At a Little Rock, Ark., gallery yesterday, Frances Kaji looked at artwork made by children at the Rowher, Ark., internment camp that housed Japanese Americans in the early 1940s.

Conference on WWII
internment camps opens

LITTLE ROCK, Ark. » Colorful paintings created by children 60 years ago to depict life in Arkansas' World War II Japanese-American internment camps welcomed hundreds of former camp detainees and their families to Little Rock yesterday for the start of a four-day conference devoted to the long-neglected history of the camps.

Returning to Arkansas six decades after the war was an emotional experience for some and an educational experience for others.

For Marian Takagi of Honolulu, it was a chance to share with her daughter the journey her family was forced to take from Hawaii to southeastern Arkansas after the bombing of Pearl Harbor.

The night of Dec. 7, 1941, Takagi watched as her father, a sugar plantation worker, was arrested at the family's Hawaii home and led away to a detention center. A year later, Ta-kagi, her mother and six siblings were forced to leave Hawaii by a boat bound for California and then put on a train that took them to an internment camp in Arkansas.

It was Takagi's first time on the mainland.

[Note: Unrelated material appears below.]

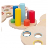 Táto logická nasúvacia hra z dreva je ideálnou pomôckou pre rozvoj motoriky a koordinácie u detí. Pevné kotúče a farebné tyče prinášajú zábavu pri skladaní.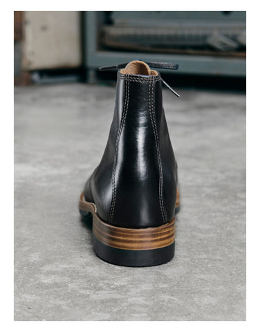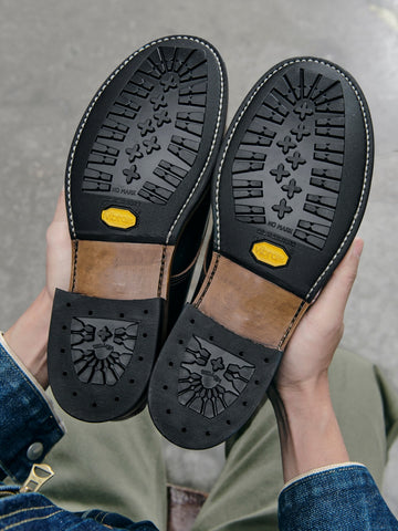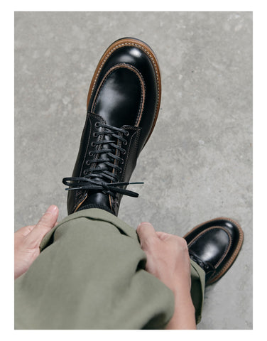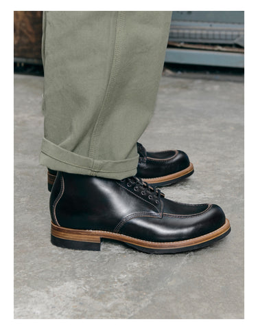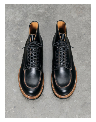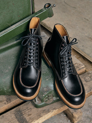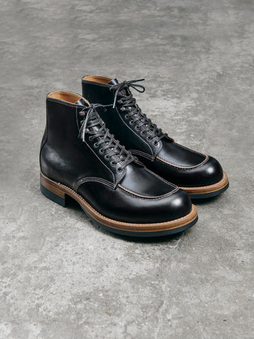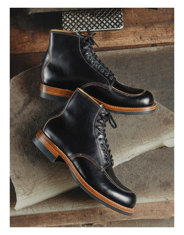 Introducing our Moc Toe Boots, crafted from premium black tea core cowhide for a sleek, rugged look. These boots feature a durable Vibram 435 lug sole, leather lining, and a comfortable leather insole, all built with Goodyear welted construction for exceptional longevity.

"We were told our father was at Jerome, Ark., and we had 48 hours to join him," she said yesterday, standing in the University of Arkansas-Little Rock gallery where the artwork done by children at the camps -- depicting everything from their arrival in Arkansas by train to basketball games and dances -- was displayed.

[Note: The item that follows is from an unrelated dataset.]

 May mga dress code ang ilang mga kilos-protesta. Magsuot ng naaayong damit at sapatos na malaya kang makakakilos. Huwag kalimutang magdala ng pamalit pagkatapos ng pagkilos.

Takagi's sister, also from Hawaii, her daughter from California and another relative from Japan all traveled to Arkansas to attend the Life Interrupted National Conference. They are among the more than 1,300 camp survivors, family members, historians and others who have registered for the event, which was sponsored by the Little Rock-based Winthrop Rockefeller Foundation, the University of Arkansas at Little Rock and the Japanese-American National Museum.

More than 120,000 Japanese Americans were sent from the West Coast and Hawaii to 10 internment camps at the onset of the World War II. Eight camps were in the West; the Arkansas sites were the only ones in the South. Between 1942 and 1945, the two southeastern Arkansas camps at Jerome and Rohwer held 16,000 detainees.

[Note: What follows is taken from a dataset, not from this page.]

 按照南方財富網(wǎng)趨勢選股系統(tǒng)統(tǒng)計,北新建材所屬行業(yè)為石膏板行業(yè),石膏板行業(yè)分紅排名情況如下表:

While the camps in the West have long been the subject of books, documentaries and historical preservation efforts, the Arkansas conference marks the first time a large-scale effort has been made to tell the story of the Jerome and Rohwer camps.

The idea for the conference and the exhibits came when a board member of the Winthrop Rockefeller Foundation sent foundation director Sybil Jordan Hampton a note card decorated with reproductions of drawings done by children in the Arkansas camps.